■ About this task: Once you know how many lines below hold "della", reply with that number and add nothing.

+ + + +

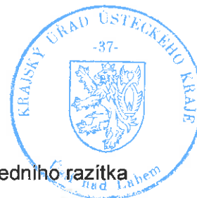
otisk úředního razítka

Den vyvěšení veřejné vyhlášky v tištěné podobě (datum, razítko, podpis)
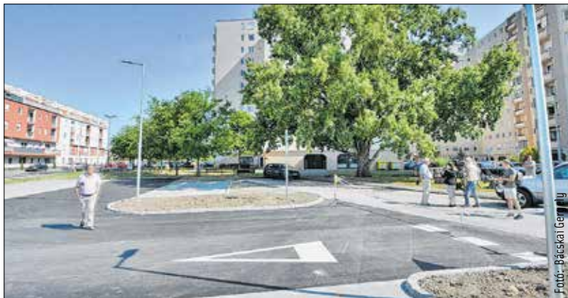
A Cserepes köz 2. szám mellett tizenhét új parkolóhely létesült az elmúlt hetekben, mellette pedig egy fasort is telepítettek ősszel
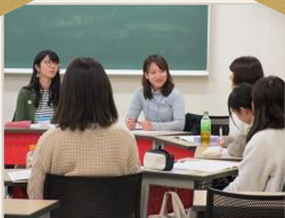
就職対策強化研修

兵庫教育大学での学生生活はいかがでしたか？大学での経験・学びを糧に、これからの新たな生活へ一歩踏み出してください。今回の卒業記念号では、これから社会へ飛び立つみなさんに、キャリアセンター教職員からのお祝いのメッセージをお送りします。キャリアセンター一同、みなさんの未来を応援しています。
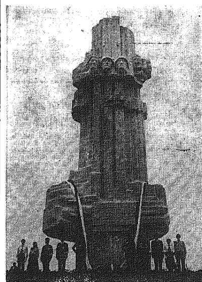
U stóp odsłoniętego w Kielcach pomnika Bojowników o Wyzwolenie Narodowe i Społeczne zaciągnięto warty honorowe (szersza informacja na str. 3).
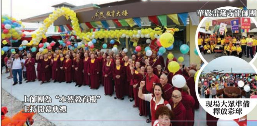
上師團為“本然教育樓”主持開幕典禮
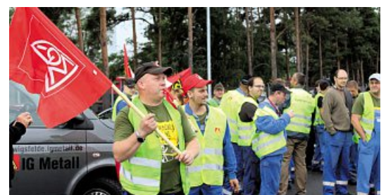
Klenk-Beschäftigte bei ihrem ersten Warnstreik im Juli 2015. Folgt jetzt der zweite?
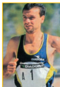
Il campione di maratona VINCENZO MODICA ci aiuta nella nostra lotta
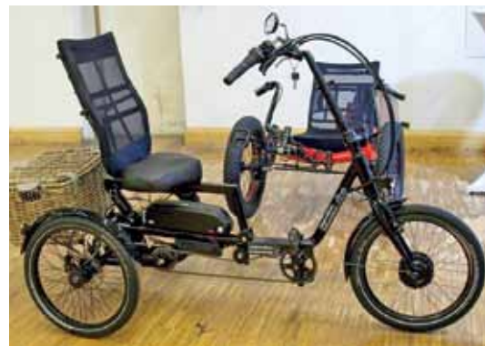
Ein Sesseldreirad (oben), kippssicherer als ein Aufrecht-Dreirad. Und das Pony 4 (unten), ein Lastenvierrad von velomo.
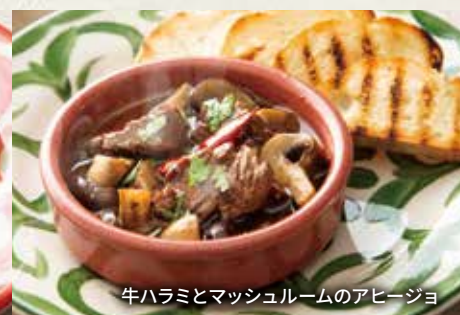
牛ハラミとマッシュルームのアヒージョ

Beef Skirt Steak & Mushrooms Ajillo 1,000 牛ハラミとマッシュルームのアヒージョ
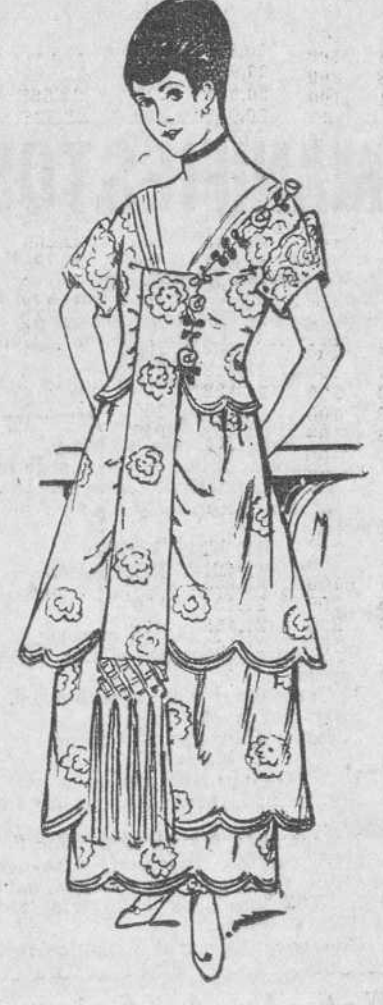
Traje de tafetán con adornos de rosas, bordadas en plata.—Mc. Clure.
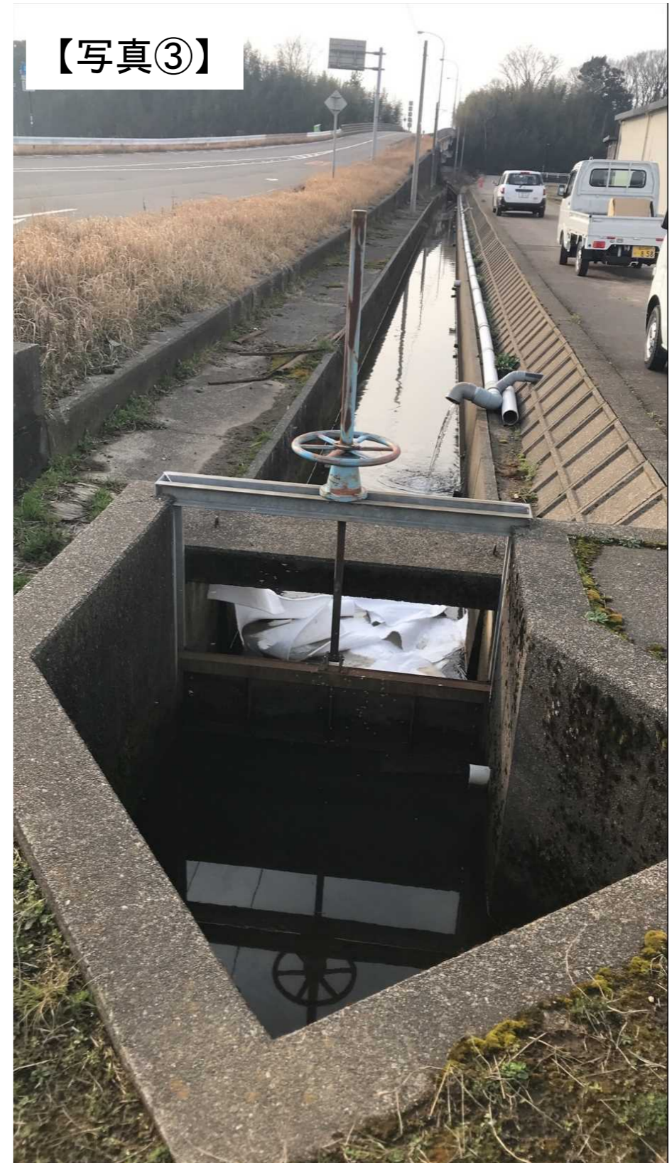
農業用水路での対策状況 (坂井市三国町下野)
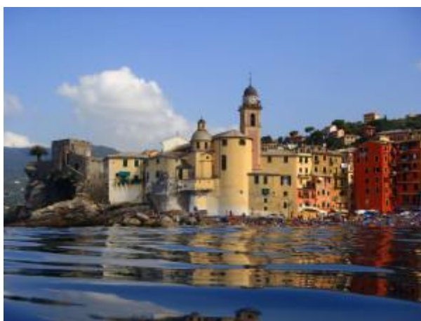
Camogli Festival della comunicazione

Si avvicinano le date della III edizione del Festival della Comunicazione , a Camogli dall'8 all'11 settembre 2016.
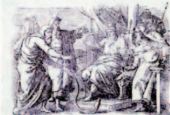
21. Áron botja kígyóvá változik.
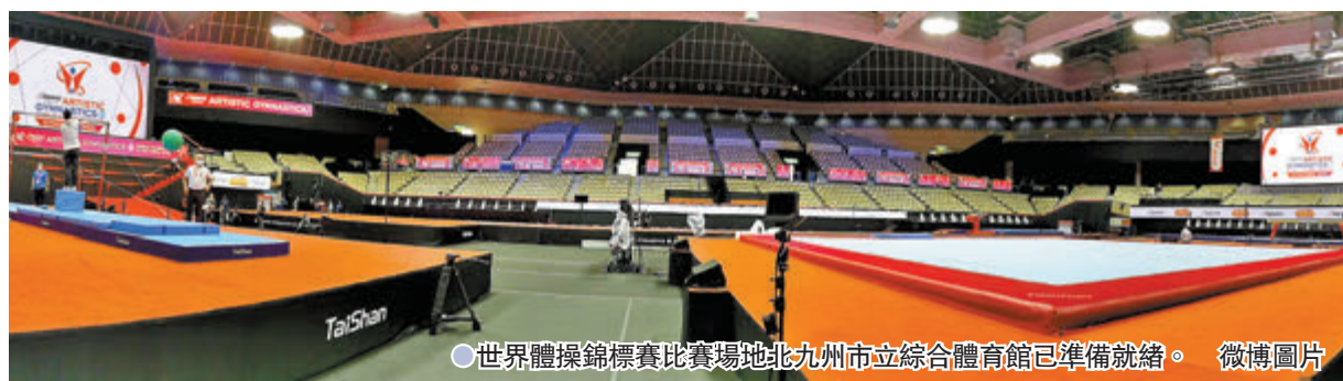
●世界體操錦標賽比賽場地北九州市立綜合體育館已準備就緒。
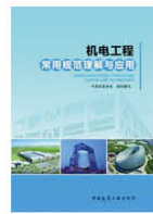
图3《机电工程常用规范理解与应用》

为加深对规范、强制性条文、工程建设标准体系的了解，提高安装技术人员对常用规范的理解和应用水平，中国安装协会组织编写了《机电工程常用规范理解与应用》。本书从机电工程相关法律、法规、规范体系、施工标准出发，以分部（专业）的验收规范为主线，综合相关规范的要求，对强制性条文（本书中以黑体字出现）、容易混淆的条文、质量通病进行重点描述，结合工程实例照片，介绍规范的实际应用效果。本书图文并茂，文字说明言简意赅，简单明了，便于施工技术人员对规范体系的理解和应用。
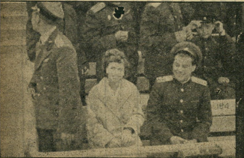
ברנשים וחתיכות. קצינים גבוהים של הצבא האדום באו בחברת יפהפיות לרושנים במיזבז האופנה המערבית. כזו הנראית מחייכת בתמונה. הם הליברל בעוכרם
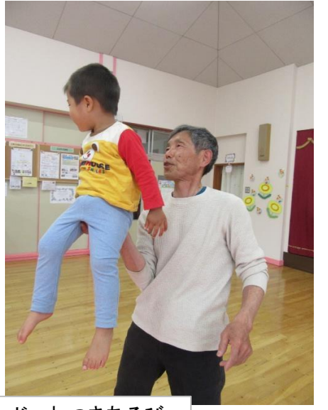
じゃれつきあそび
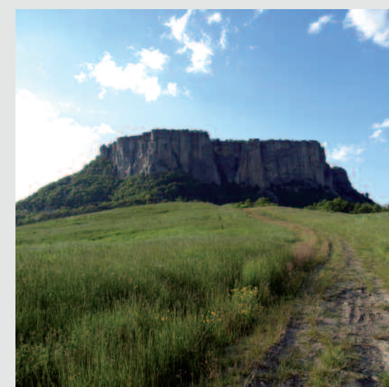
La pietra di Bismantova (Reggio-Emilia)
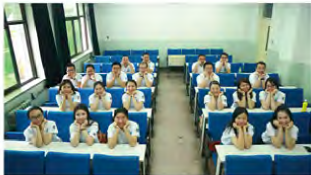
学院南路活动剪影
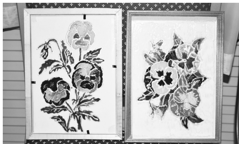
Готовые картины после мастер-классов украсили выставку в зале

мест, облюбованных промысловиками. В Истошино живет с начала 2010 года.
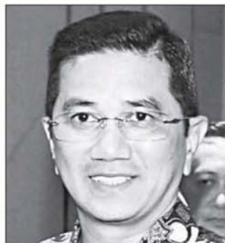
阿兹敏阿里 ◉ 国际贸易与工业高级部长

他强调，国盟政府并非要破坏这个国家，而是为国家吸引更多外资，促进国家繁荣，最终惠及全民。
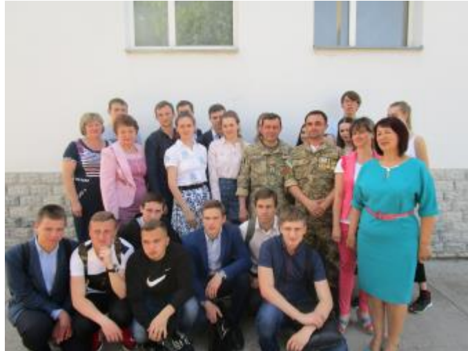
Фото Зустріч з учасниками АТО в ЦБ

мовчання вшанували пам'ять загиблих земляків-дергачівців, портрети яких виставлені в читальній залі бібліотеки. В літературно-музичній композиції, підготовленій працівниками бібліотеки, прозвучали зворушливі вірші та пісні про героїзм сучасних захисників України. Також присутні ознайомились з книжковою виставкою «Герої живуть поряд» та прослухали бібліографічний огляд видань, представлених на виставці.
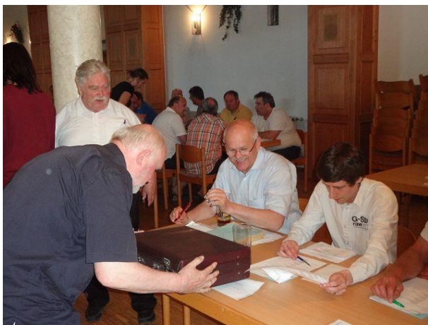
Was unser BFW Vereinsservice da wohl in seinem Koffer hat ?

+ + + +

■ Answer to this problem: 2